TWICE BAKED SWEET POTATOES



Twice Baked Sweet Potatoes image

This dish of baked then stuffed sweet potatoes can serve as the star of a meal, or as a side dish. Adapted from a recipe by Phoebe Lapine and Cara Eisenpress at Serious Eats. http://bit.ly/cUqXsd

Provided by DrGaellon

Categories     Yam/Sweet Potato

Time 1h20m

Yield 4-8 serving(s)

Number Of Ingredients 7

4 medium sweet potatoes (about 8 ounces each)
2 cups shredded white cheddar cheese
2 tablespoons butter
1/4 teaspoon nutmeg
2 tablespoons sour cream
1/8 teaspoon white pepper
1 teaspoon salt

Steps:

  • Line oven floor with aluminum foil, preheat oven to 400°F, and set the rack to middle position.
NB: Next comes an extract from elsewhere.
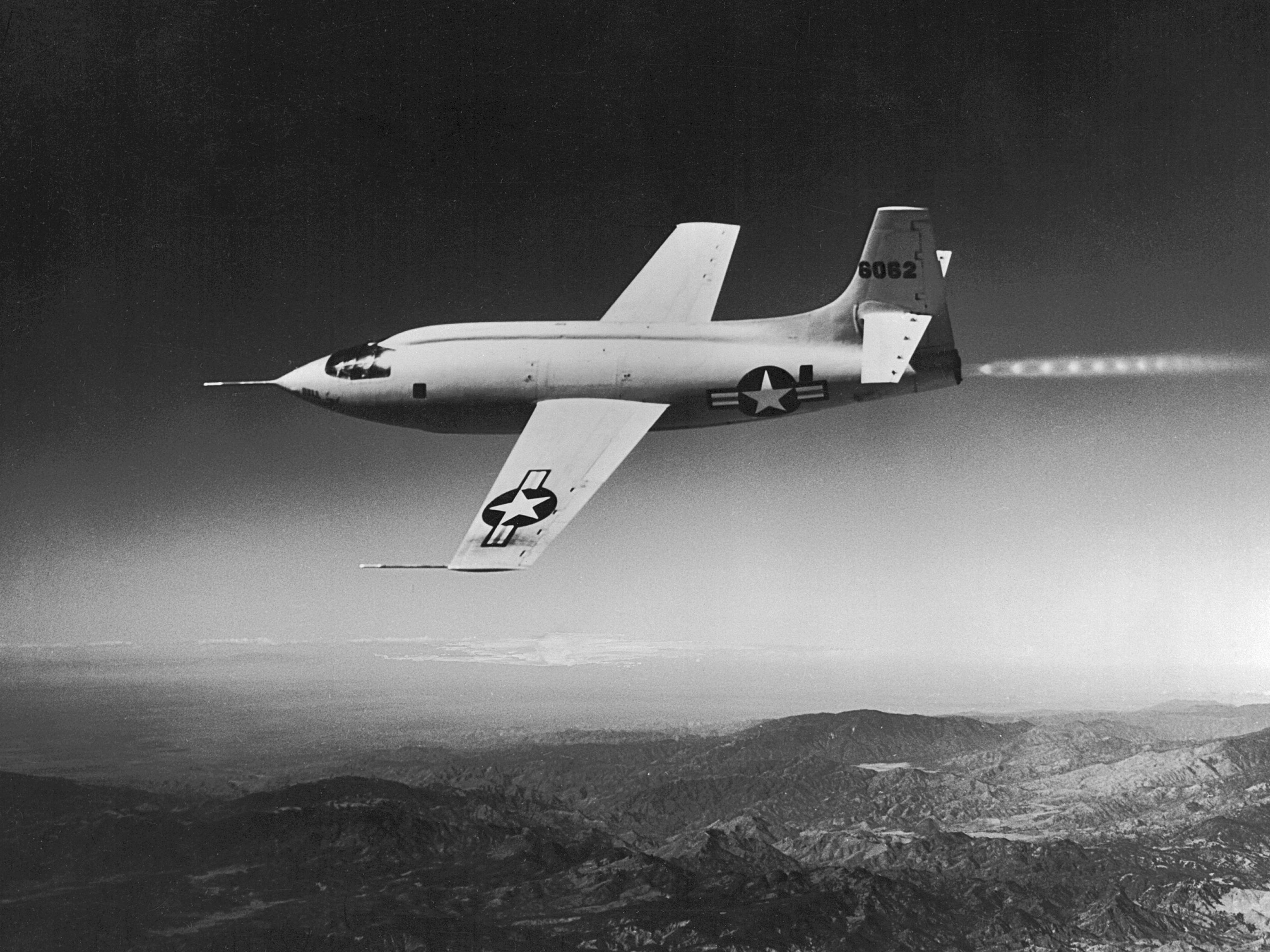 The #46-062 Bell X-1 rocket-powered experimental aircraft (known for becoming the first piloted aircraft to fly faster than Mach 1, or the speed of sound, on October 14, 1947) photographed during a test flight.

Wash sweet potatoes well. Poke 3 holes in each sweet potato using skewer or knife. Place directly on oven rack and roast until knife inserted in potato shows no resistance, 30 to 45 minutes. Remove potatoes to cooling rack set over rimmed baking sheet until cool enough to handle.
  • Cut each potato in half lengthwise and use paring knife to cut out flesh, leaving about a 1/4" layer of flesh still attached to skins. Scoop the sweet potato flesh into bowl. Sprinkle skins and remaining flesh with 1/2 teaspoon salt.
  • Add 1 1/2 cups of cheese, butter, sour cream, nutmeg, pepper, and 1/2 teaspoon salt to scooped flesh and mash to combine.
  • Place scooped-out potatoes on rimmed baking sheet. Put 1/8 of stuffing in each potato half and top evenly with remaining cheese. Return to the oven and bake until the cheese is melted and beginning to brown, and the potatoes are hot, about 10 minutes longer. Transfer to plate and serve immediately.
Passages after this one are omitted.